The widespread use of machine learning (ML) for advanced applications necessitates assurance solutions to evaluate non-functional properties like fairness, robustness, and privacy to enhance trustworthiness. Assurance has been identified as the preferred method by policymakers, regulators, and industry stakeholders to address this need. However, current assurance solutions are not suitable for nondeterministic ML-based applications.

Challenges

The assurance of ML-based applications is currently more of an art than a science, leading to ad hoc solutions for specific properties like explainability, fairness, and robustness.

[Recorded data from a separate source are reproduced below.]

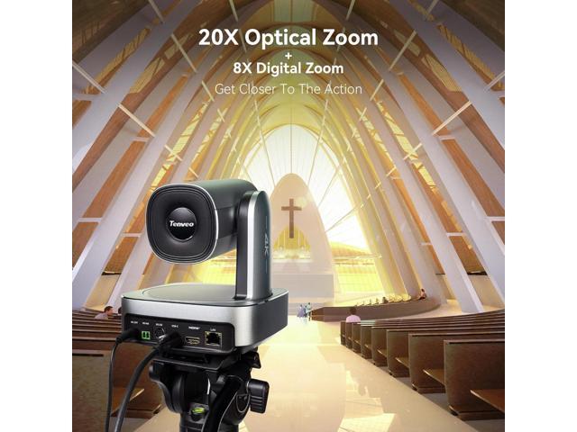 - Equipped with a 1/2.8" CMOS Sensor (8.29MP) and advanced imaging algorithms, it delivers crystal-clear 4K 30fps video. Featuring a powerful 20X Optical Zoom, 8X Digital Zoom and a 63° Wide Angle Lens, the PTZ 4K Camera effortlessly captures both distant details and broad panoramic scenes. Combined with 2D & 3D Digital Noise Reduction technology, this Tenveo PTZ Camera ensures clear, low-noise images under various lighting conditions.
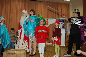 Дети представляют своих персонажей. Например, Чиполлино с друзьями танцуют и рассказывают об Италии; Пеппи-Длинный Чулок поёт и показывает фокусы; Алиса приветствует всех и читает стихотворение на английском языке; мальчик-Новый год поздравляет гостей с наступающим праздником своими стихами.
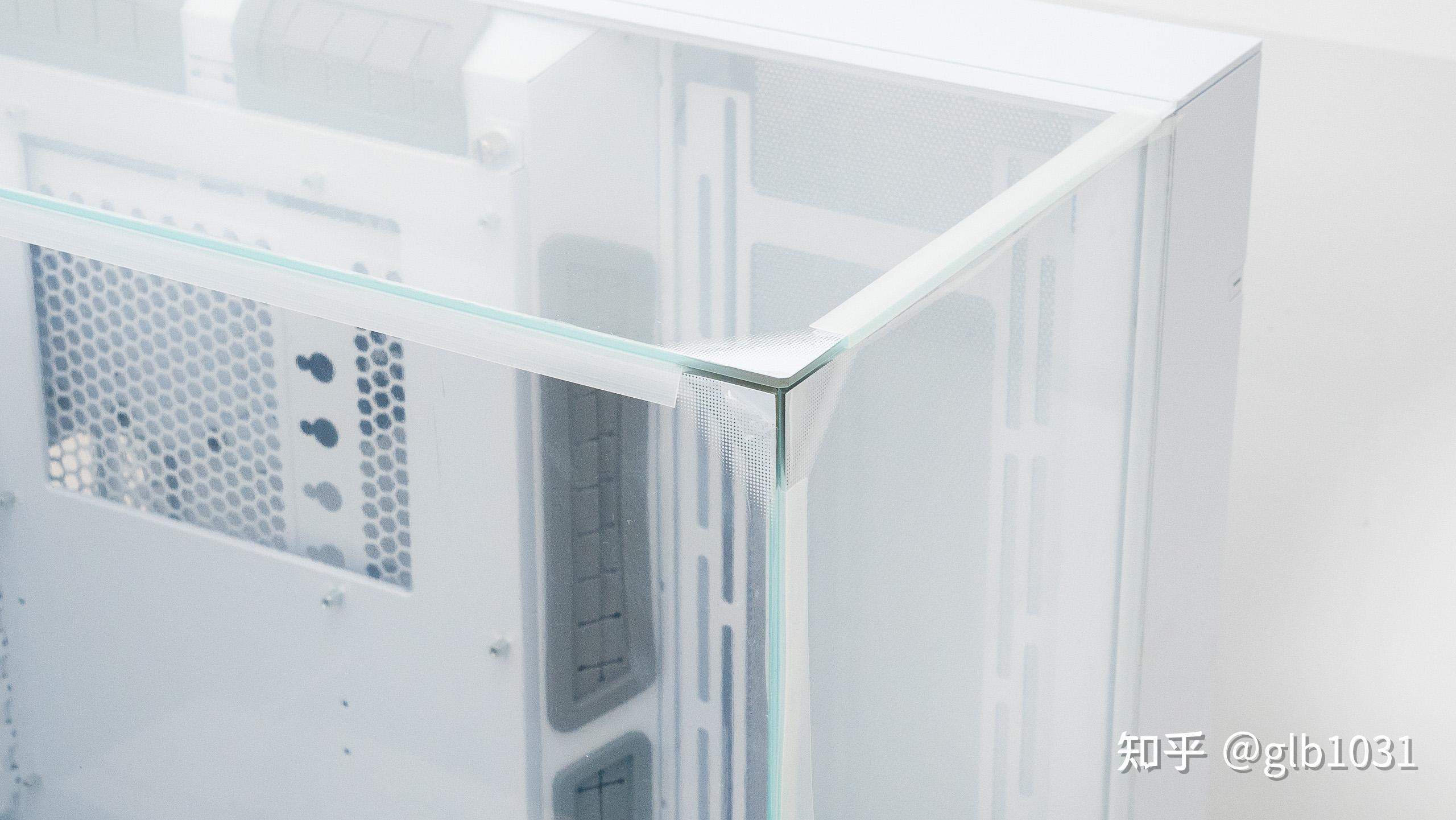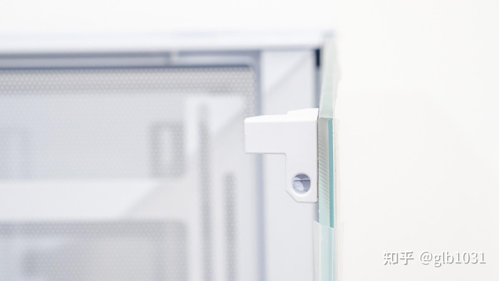 機箱頂部玻璃採用卡扣設計,橫向拆裝。左側的玻璃面板則是類似榫卯的按壓固定方式。玻璃的接觸面也都做了斜角處理,密閉性會更好。

Despite societal demand, no comprehensive assurance solution for ML exists, and existing assurance solutions cannot be adapted for ML. This stagnation is due to four unresolved challenges:

  1. Target Definition: Current definitions of targets of assurance evaluations are unsuitable for nondeterministic ML applications and need to evolve.
  2. Property Definition: There is a lack of rigorous, commonly accepted definitions for ML properties, which complicates property verification.
  3. Certification Process: Traditional evidence collection methods are inadequate for ML applications, requiring new models that consider training data, processes, and the ML model itself.
  4. ML Pipelines: Assurance approaches must support the recursive structure of ML applications, addressing robustness and integrity at multiple levels.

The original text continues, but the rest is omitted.